In deze zaak gaat het om een beroep tegen het eindoordeel van de periodieke preventieve toetsing van de accountantspraktijk van appellant, die in eerste instantie door de Raad voor Toezicht als onvoldoende werd beoordeeld. De Raad had vastgesteld dat het interne stelsel van kwaliteitsbeheersing niet voldeed aan de eisen en had appellant een termijn gegeven om een verbeterplan in te dienen. Appellant heeft bezwaar aangetekend tegen dit besluit, maar dit werd ongegrond verklaard door verweerder, de Nederlandse beroepsorganisatie van accountants (NBA). Appellant heeft vervolgens beroep ingesteld bij het College van Beroep voor het bedrijfsleven.
Tijdens de zitting op 11 juni 2015 heeft appellant zijn standpunt toegelicht, waarbij hij aanvoerde dat de toetsing onzorgvuldig was verlopen. Hij stelde dat er slechts drie dossiers waren getoetst in plaats van vier, wat volgens hem een onvolledig beeld van zijn praktijk gaf. Appellant voerde ook aan dat de toetsers ten onrechte tot de conclusie waren gekomen dat de bijzondere controleopdracht niet voldeed aan de gestelde eisen. Het College heeft vastgesteld dat de toetsingsdag niet geheel volgens de richtlijnen van het handboek was verlopen, maar oordeelde dat dit niet automatisch betekende dat verweerder niet op basis van de bevindingen van de toetsers tot een eindoordeel had kunnen komen.

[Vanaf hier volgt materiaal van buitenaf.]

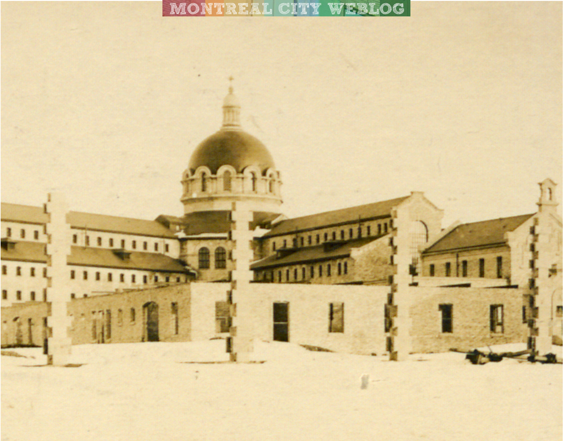
Bordeaux jail, 1912
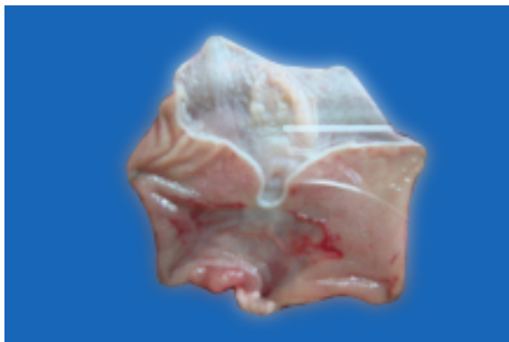
1 c) ETC 50 mg/kg shows protected mucosal layer

Het College concludeert echter dat het bestreden besluit onvoldoende draagkrachtig was gemotiveerd, vooral omdat verweerder niet inhoudelijk was ingegaan op het rapport van de contra-expert. Het College heeft het beroep gegrond verklaard, het bestreden besluit vernietigd en verweerder opgedragen binnen zes weken een nieuw besluit te nemen, waarbij ook de proceskosten van appellant worden vergoed.